FAIR data is here to stay, but where is the tooling?

On the 8th of November 2017 we attended the FAIR data tooling meeting organized mainly for developers interested/involved in FAIR. We were invited to present about what we currently do and what we need from the community to increase the FAIRness of our portfolio. In this blogpost we want to share our insights and ideas from this meeting.

During the meeting, we heard some interesting presentations from the community which immediately addressed our concerns. There is a lot of interest in FAIR data right now. The main reason for this high interest is, well let’s be honest, who does not want their data to be Findable, Accessible, Interoperable and Reusable? How to achieve this is still unclear for most researchers, as it will take an effort from all data layers (e.g., raw data, processed data, etc):

  • Researchers will need to plan their data usage and data management.
  • Software developers will need to adjust their tooling to support FAIR data.
  • Research domains will need to establish ontologies to use

and these are not the only three things needed.

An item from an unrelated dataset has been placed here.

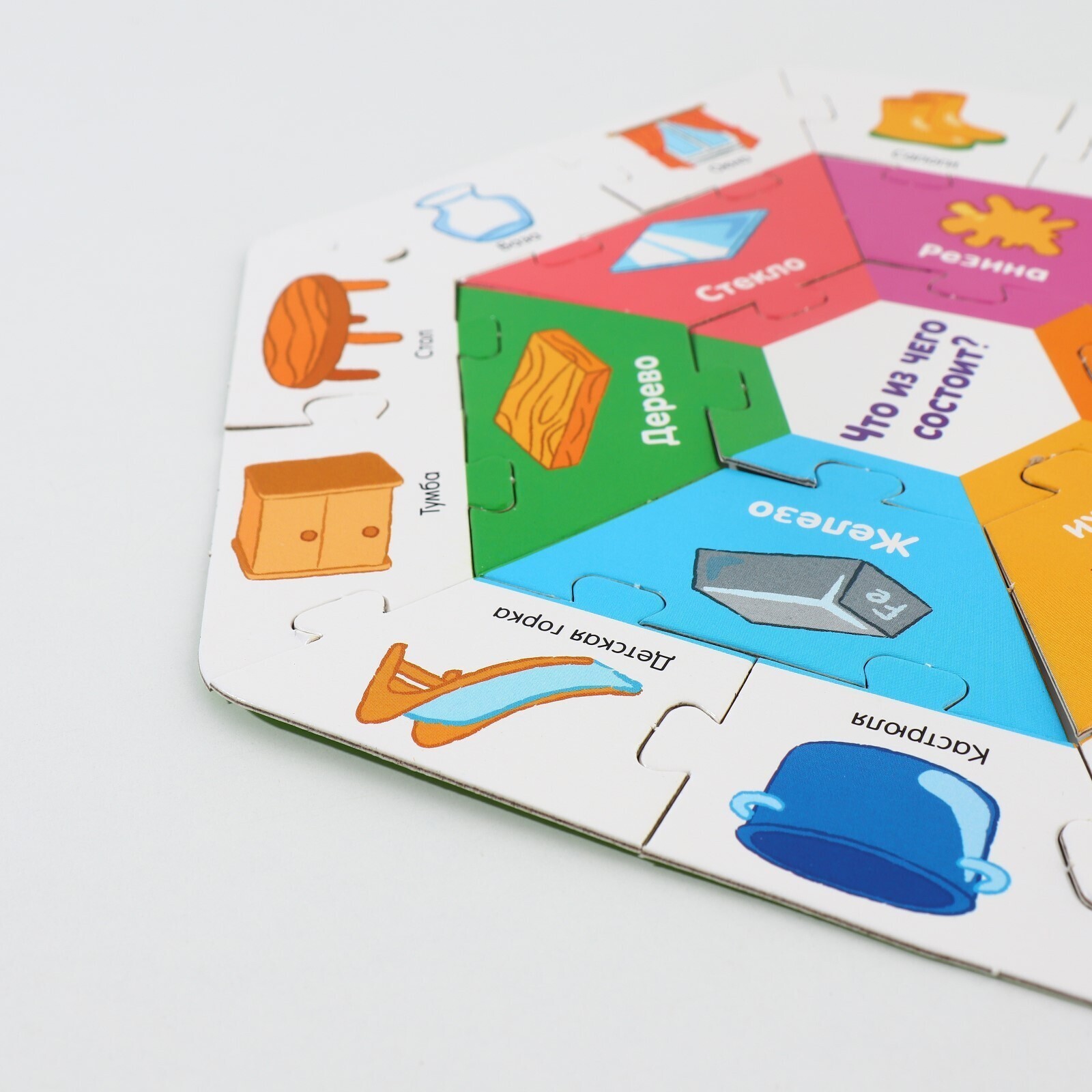 Перед вами игра, которая познакомит ребёнка с предметами и материалами, из которых они состоят, а также с продуктами питания. Собирайте большой пазл, тренируйте мелкую моторику и узнавайте, что из чего состоит.

Achieving "full FAIRness" of a dataset in one go and till the end of times will never be possible. There will always be new techniques released more compliant to the FAIR principles. However, it is really inspiring to see how far the FAIR data community has come after all the effort and time invested in FAIR over the last couple of years. For example, a part of the community has realised a piece of the Personal Health Train. What they achieved is an algorithm which learns to do predictions about which radio treatment is best suited based on the data inside hospitals all over the world, without the data ever leaving the hospital.

FAIR metrics and tooling

Our main goal for attending the meeting was to see which solutions we could add to our portfolio.

The talk from Luiz Bonino, from DTL and GO-FAIR, on the process of creating FAIR metrics, which will cover every aspect of FAIR on every scale, was one of the most reassuring presentations we heard. We believe that these metrics will give us concrete feedback about how FAIR our infrastructure is and what we will need to improve during our journey towards an infrastructure capable of handling and analysing fully compliant FAIR data.

The presentation by Morris Swertz from UMC Groningen, one of the FAIR pioneers, on the FAIR tooling they are currently creating, gave a good insight on the practicality of FAIR.

How do you transform data which is not FAIR, into FAIR data? What challenges lay ahead for us in this task? His presentation highlighted how fundamentally important FAIR data points, such as we created for tranSMART during our FAIR hackathon, are to becoming Findable and Accessible.

So what are we currently working on at The Hyve?

Right now we are working on establishing an infrastructure capable of handling data as FAIRly as possible. We presented the approach we want to take and discussed it with the community. We received a lot of positive feedback from the community, which encourages us to start putting it into practice even more than we currently do.